Given that these factors are transitory, the primary concern would come via rise in inflation expectations and hence stronger wage dynamics. For now, the RBA’s assessment is that inflation expectations remain anchored around the inflation target.

In addition to the weak starting point for inflationary pressure the RBA also restated its focus is on actual outcomes – that inflation will need to be sustainably within the band and that “this is not deemed as just crossing the 2% threshold”. In addition, the Governor has acknowledged they are willing to bear the risk of a temporary overshoot of inflation should they fall behind given the usual 18-month lags of monetary policy. Indeed, as part of the “sustainably within the band” criteria, actual inflation will need to be above 2% and forecast to stay there.

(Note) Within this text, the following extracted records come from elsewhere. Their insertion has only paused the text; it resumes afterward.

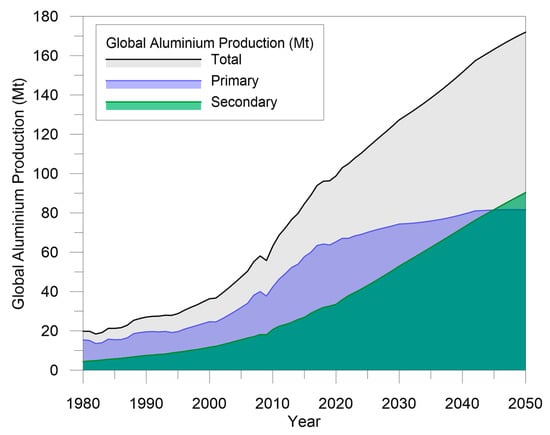 Recent developments in the automotive industry, rapid urban growth, and the innovative uses of aluminum both in the power and construction fields are contributing to aluminum’s rise as a dominant structural and engineering material. For this reason, aluminum production is currently facing a challenge: meeting the growing demand of consumers and, at the same time, improving the sustainability of the production processes to reduce their environmental impact. In this context, aluminum recycling involves significant economic and environmental benefits because it allows reducing emissions and energy requirements by up—to 95% compared to primary production. It is estimated that about one-third of the aluminum produced today originates from scrap [2]. This amount is expected to increase drastically. According to data from the International Aluminum Institute, by 2050, the amount of recycled, also called secondary, aluminum will account for more than 50% of the total aluminum production [4], as shown in Figure 1.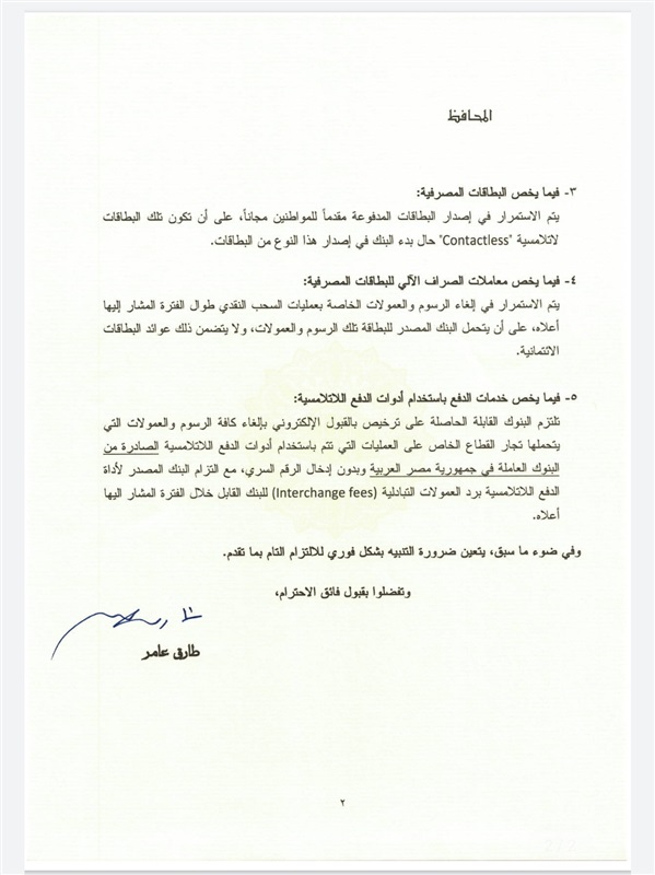تلتزم البنوك القابلة الحاصلة على ترخيص بالقبول الإلكتروني بإلغاء كافة الرسوم والعمولات التي يتحملها تجار القطاع الخاص على العمليات التي تتم باستخدام أدوات الدفع اللاتلامسية الصادرة من البنوك العاملة في جمهورية مصر العربية وبدون إدخال الرقم السري، مع التزام البنك المصدر لأداة الدفع اللاتلامسية برد العمولات التبادلية (Interchange fees) للبنك القابل خلال الفترة المشار إليها أعلاه.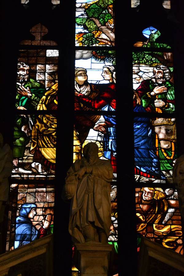 每一扇玻璃窗都有30多个画面,都绘制着圣经故事。其实这么做是有道理的,教会总说天堂美好地狱可怕,但光说是不够的,必须建成线下体验店(我实在找不出更好的比喻,原谅我……),信徒一进来就感受到这种神秘、美好或是恐惧。回到那个时代,设想下文盲们走近来的感觉?一定是更加相信教会的理论,因为有时候真正的信仰和真正的恐惧是分不清的。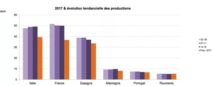 至于葡萄牙(6.6亿升)、罗马尼亚(5.3亿升)、匈牙利(2.9亿升)和奥地利(2.4亿升)是欧洲仅有几个产量出现小幅上涨的国家。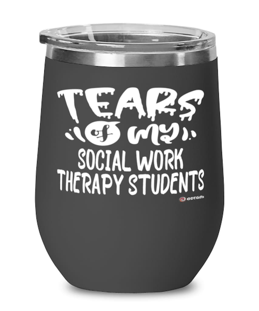 Funny Social Work Therapy Professor Teacher Wine Glass Tears Of My Social Work Therapy Students 12oz Stainless Steel Black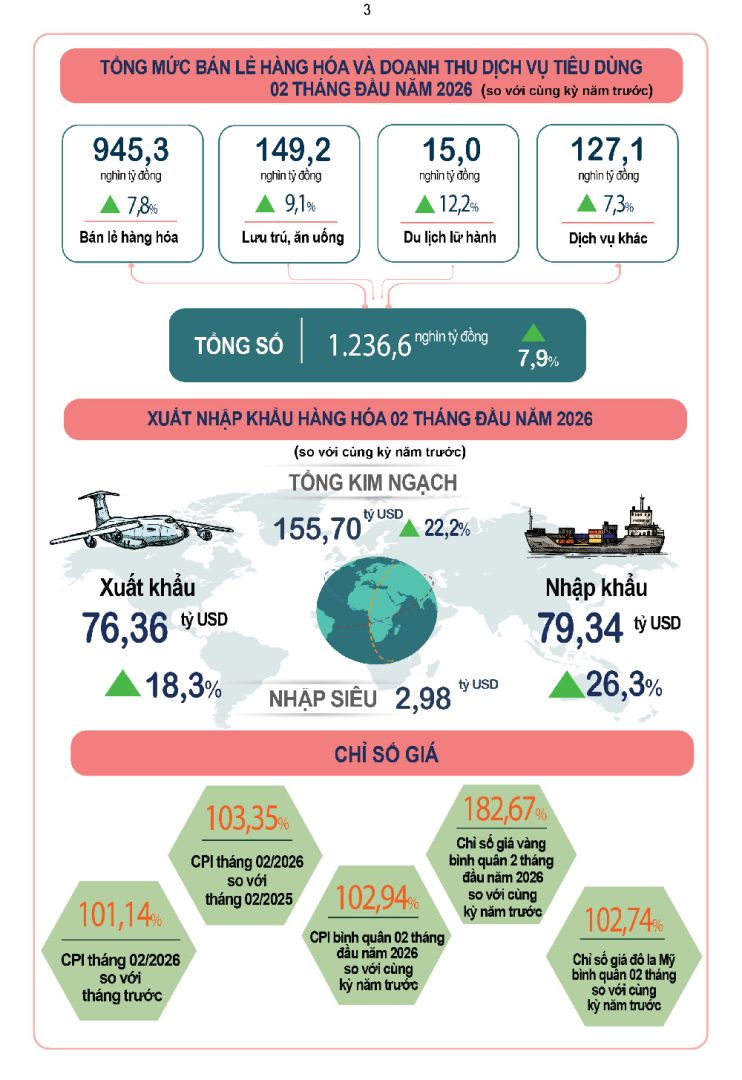 – Chỉ số giá tiêu dùng (CPI) tháng 02/2026 tăng 1,14% so với tháng trước; tăng 1,19% so với tháng 12/2025 và tăng 3,35% so với cùng kỳ năm 2025. Bình quân hai tháng đầu năm 2026, CPI tăng 2,94% so với cùng kỳ năm trước; lạm phát cơ bản tăng 3,47%.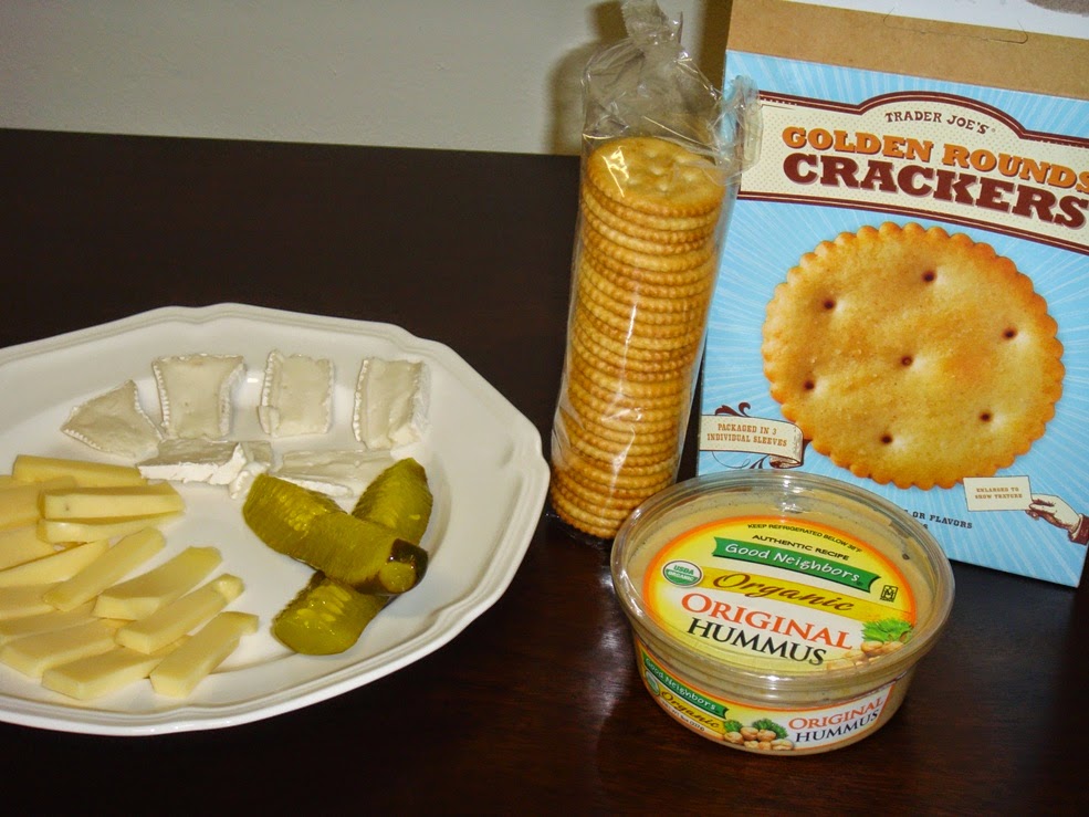 Después de un buen rato de ejercicio, vuelta a casa para ducharnos y cenar. Un poco de hummus con unos crakers y un plato de queso con unos pickles (pepinos en vinagre).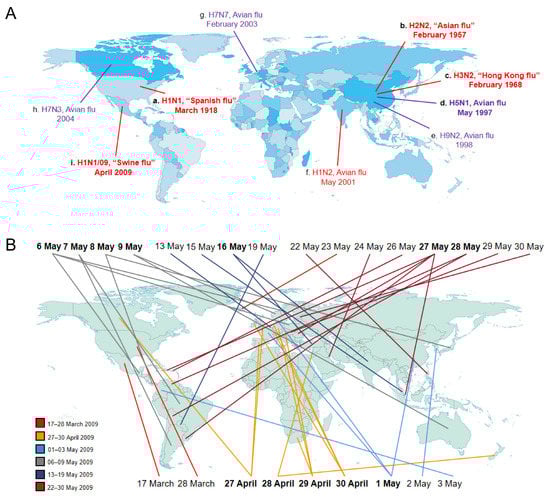 Chronological distribution of influenza A variants and sub-types. (A) Human flu viruses (in red) and five avian flu viruses (in purple) capable of infecting humans. The different colors on the world map (from light to deep blue) are here to show the different geographical areas or countries. The time when the virus first appeared in this world is mapped out. Lowercase letters (a–i) display the order in which the influenza A viruses appeared. The four human flu viruses (H1N1, H2N2, H3N2, 2009 H1N1) in bold indicate that they have caused global pandemics, posing a serious threat to human health. H5N1 avian flu virus in bold suggests that it arouses global concern as a potential pandemic threat. (B) The first reporting of 2009 H1N1 virus. The first confirmed cases were documented in Mexico on 17 March 2009. Then, the human outbreak of 2009 H1N1 virus rapidly spread to other countries within 2–3 months (from 17 March to 30 May 2009). The six colors of lines stand for different time periods individually. The twelve dates in bold represent that the virus was simultaneously showing up in two or more places in the world.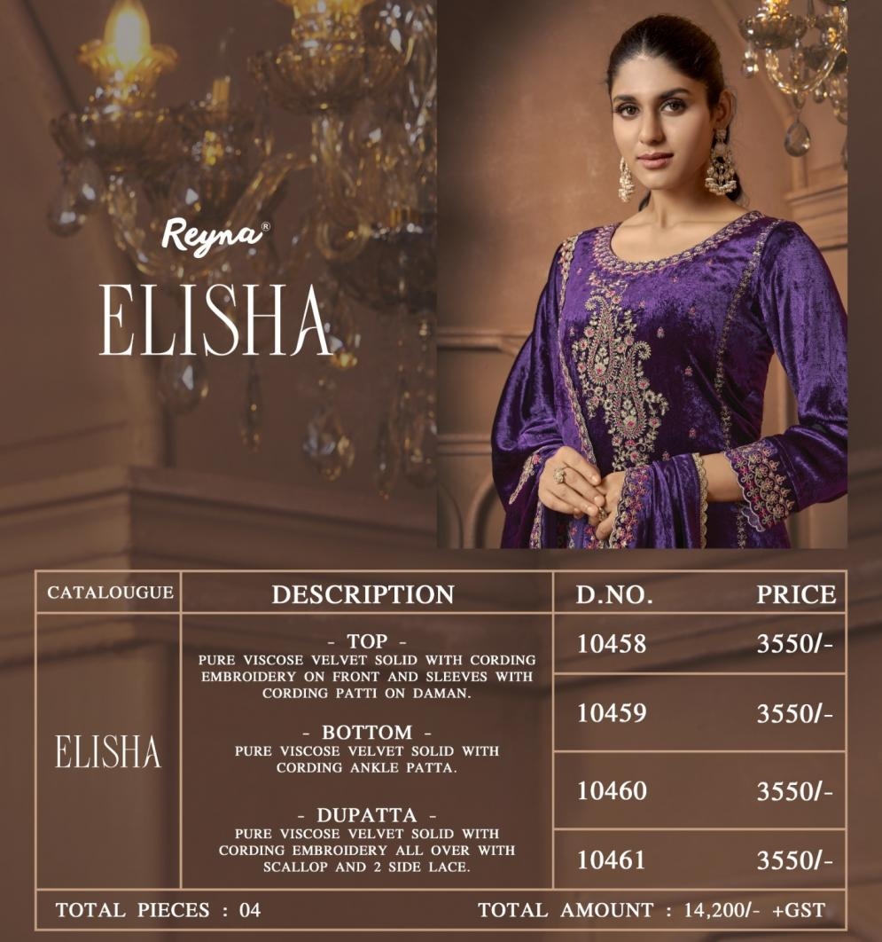 | Name: | Reyna Elisha Series 10458 To 10461 Viscose Velvet Solid Design Salwar Kameez In Wholesale Surat |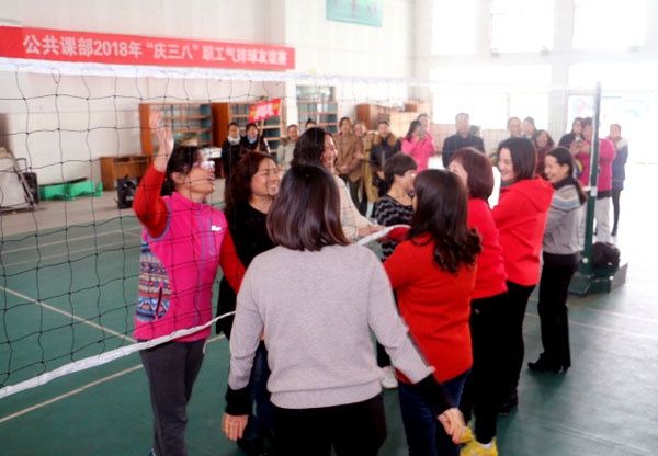 为庆祝2018年“三八”国际妇女劳动节,3月8日中午,公共课部在中区体育馆举行了一场别开生面的女教工气排球友谊赛。校党委委员胡燕,工会常务副主席熊亚芬,公共课部领导及部全体女教工参加了活动。

While our view is very much aligned with the current guidance of the RBA, given the current/looming moves of a number of central bank peers, it is likely that markets will continue to challenge this – both in terms of the timing of the first cash rate move as well as the yield on Apr-24 bonds (for which the RBA is targeting a yield of 0.1% as part of Yield Curve Control (YCC))s. However, it is important to remember that both domestic and global factors are important in setting monetary policy. While Australia is not immune to many of the current price pressures playing out globally, the starting point for domestic inflation is much weaker. With wage growth having softened and growth slowing in the leadup to the pandemic, it is likely we face a higher degree of spare capacity. Also, the assessment of both full employment (expressed in unemployment rate terms) and the neutral cash rate are both lower than pre-pandemic suggesting more spare capacity and a tighter policy stance than was thought in real
time.

In our view the key risks around our outlook are the point at which labour market tightness will generate wage growth as well as the uncertainty of the timing of the passthrough to consumer prices. While we see
unemployment falling to the low 4s, it has not been at this level for well over a decade and therefore the point at which wage pressure emerges is highly uncertain. That said, slowing wage growth prior to the pandemic as well as the international experience suggests that an unemployment rate consistent with full employment could well be somewhere in the 3% range. On price pressures, we may also observe that firms are able to pass on increased costs more quickly while demand remains elevated – particularly on the goods side – as compared to the pre-pandemic experience where strong competition and soft consumption growth saw greater pressure on margins and only modest price increases. However, as the economy opens up, we expect consumption patterns to normalise – with spending on services to recover over time but demand for goods to ease.

Our core views are:
• The first cash rate hike will occur in early 2024. We see the first move as lifting the cash rate target by 40bps to 0.50%; this is to allow normalisation of the ES rate corridor and would see the actual cash rate trade close to 25bp (i.e. it would effectively be a 25bp rate hike). Following this, we see increases of around 25bps per quarter – a fairly rapid normalisation as the RBA again becomes forward looking. By late 2025 we expect the cash rate to trade around 2.00% depending on the degree of excess liquidity in the cash market.
• QE will be tapered further with another 3-months of purchases at a rate of $2bn a week to be announced in February 2022 once the current tranche ends. We see the RBA ending the program after this final taper, with purchases effectively totalling around $110bn from here. At this point we do not expect the RBA to either unwind the balance sheet by selling bonds on the open market or to reinvest maturities. Rather we expect the RBA to let the balance unwind over an extended period as bonds naturally mature. This will have two impacts,
o Firstly, it will gradually drain liquidity from the system as the government repays the RBA.
o Secondly, it will lead to a steepening in the yield curve (a tightening in monetary conditions) as the
government refinances RBA held maturities with new issuance in the private market.
• We see the RBA as remaining committed to the YCC target of 0.1% for the April 2024 bond.